Days after the amalgamation of the HDFC Bank and HDFC, IDFC First Bank has announced merger of its parent IDFC Ltd with itself in an all-stock transaction, marking another major deal in the Indian banking space. The boards of IDFC First Bank and IDFC have approved the reverse merger.


Stock of IDFC opened 4 per cent higher on Tuesday after the company declared the share swap ratio for its long-awaited merger with its banking arm. IDFC Ltd closed at Rs 109.90 on the NSE and IDFC First Bank closed at Rs 81.70 on Monday.


The bank did not provide the likely valuation of the merged entity, however, based on Monday's closing prices of the two companies on the BSE, the valuation is Rs 71,767 crore.


An IDFC shareholder will get 155 shares for every 100 shares she/he holds in the bank under the proposed reverse merger scheme. Both stocks have a face value of Rs 10 each, IDFC First Bank said in a statement. The share exchange ratio will result in a premium of about 20 per cent on the closing market price of the shares of IDFC vis-a-vis IDFC First Bank as of June 30, 2023.


Anil Singhvi, chairman, IDFC, said the merger is the last phase of IDFC's corporate restructuring and will help create a financial services provider that offers seamless delivery of services to customers. It will augment operational efficiency for the merged entity and create synergies for our shareholders.


Following the merger, the standalone book value per share of the bank will increase by 4.9 per cent, as calculated on the audited financials as of March 2023, it said, adding as of June 2023, IDFC through its non-financial holding company, owned 39.93 per cent in IDFC First Bank.


IDFC First Bank's market capitalisation stood at Rs 54,311.48 crore at close today, after the stock rallied 3.2 per cent to Rs 81.94 on the BSE, while IDFC MCap stood at Rs 17,456 crore after its counter rallied 6.3 per cent to Rs 109.10, taking the combined value to Rs 71,767 crore.


Sanjeeb Chaudhuri, chairman, IDFC First Bank, said, "We now embark on the next phase of our growth journey towards our long-term vision, and the merger will create sustainable shareholder value in the years to come." 


IDFC was an infra lender in the private sector space, and following its bigger peers such as ICICI and IDBI, it also launched a banking subsidiary in 2015, IDFC Bank, but could not make a mark as the other two could do.


Effective July 1, India Inc's biggest merger came into effect when the mortgage major HDFC merged itself with its banking arm in an all-stock deal valued at $40 billion.
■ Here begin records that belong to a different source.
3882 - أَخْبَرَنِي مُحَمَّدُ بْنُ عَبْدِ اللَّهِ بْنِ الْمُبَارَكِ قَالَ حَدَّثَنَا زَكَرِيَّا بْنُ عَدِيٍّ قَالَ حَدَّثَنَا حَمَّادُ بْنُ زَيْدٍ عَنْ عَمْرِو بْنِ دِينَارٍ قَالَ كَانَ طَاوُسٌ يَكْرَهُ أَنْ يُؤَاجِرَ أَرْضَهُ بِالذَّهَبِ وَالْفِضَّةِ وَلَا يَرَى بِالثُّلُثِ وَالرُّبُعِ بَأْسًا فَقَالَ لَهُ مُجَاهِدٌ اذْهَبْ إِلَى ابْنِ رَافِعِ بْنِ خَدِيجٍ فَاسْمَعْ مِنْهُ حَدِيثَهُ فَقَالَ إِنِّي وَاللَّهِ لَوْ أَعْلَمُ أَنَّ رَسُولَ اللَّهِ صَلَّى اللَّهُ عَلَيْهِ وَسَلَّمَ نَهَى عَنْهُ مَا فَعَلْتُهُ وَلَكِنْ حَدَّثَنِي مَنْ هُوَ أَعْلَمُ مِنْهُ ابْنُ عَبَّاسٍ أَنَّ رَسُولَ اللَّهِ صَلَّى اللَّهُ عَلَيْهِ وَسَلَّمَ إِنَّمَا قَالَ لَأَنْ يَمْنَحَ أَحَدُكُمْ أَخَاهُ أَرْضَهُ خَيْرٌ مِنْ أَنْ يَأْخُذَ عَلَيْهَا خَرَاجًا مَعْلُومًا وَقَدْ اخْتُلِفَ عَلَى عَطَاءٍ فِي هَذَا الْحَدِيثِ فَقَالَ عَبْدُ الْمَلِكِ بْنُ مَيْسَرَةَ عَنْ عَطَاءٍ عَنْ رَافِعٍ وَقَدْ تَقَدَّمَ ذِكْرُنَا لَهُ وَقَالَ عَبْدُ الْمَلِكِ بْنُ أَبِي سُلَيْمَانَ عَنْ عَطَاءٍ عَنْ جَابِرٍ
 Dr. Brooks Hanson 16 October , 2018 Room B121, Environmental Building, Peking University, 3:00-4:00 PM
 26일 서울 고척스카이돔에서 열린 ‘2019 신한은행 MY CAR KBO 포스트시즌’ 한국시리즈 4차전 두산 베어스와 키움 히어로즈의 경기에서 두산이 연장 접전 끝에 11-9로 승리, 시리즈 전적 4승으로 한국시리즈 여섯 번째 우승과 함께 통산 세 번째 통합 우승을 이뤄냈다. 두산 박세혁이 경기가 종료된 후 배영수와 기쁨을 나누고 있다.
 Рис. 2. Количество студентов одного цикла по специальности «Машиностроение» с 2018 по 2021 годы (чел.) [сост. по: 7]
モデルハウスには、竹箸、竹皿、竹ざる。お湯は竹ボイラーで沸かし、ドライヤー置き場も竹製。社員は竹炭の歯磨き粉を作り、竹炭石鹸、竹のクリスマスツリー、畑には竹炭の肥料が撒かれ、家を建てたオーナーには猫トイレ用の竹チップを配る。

Post-merger, announced on April 4, 2022, HDFC Bank is the world's fourth most valued bank with $200 billion in valuation after JP Morgan Chase, ICBC of China, and Bank of America.


The new giant, fully owned by public shareholders with no promoter entity, has a balance sheet of close to Rs 33 lakh crore, with the assets alone sniffing at Rs 23 lakh crore and also the largest mortgage book with close to Rs 7 lakh crore of loans. The merger scheme is subject to all requisite approvals from the Reserve Bank, Sebi, Competition Commission, National Company Law Tribunal, and stock exchanges, and shareholders of both entities.


IDFC began as an infra lender in 1997. It got in-principle approval from the RBI to set up a bank in April 2014, and in October 2015, it launched IDFC Bank when on-tap licensing began, following which loans and liabilities of IDFC were transferred to the bank.


Since the merger, the bank built a deposit franchise that has grown 36 per cent annually since then, and has reached Rs 1,36,812 crore as of March 2023. The bank has also increased its low-cost CASA ratio from 8.6 at the merger with Capital First to 49.77 per cent as of March 2023. The bank has 809 branches and runs 925 ATMs. Its loan book stood at Rs 1,60,599 crore with a balance sheet of Rs 2,39,942 crore as of March 2023.


V Vaidyanathan, MD, IDFC First Bank, said, "We have built a strong deposit franchise, digital innovation, customer-friendly products, strong capital buffer, growing profitability and high corporate governance".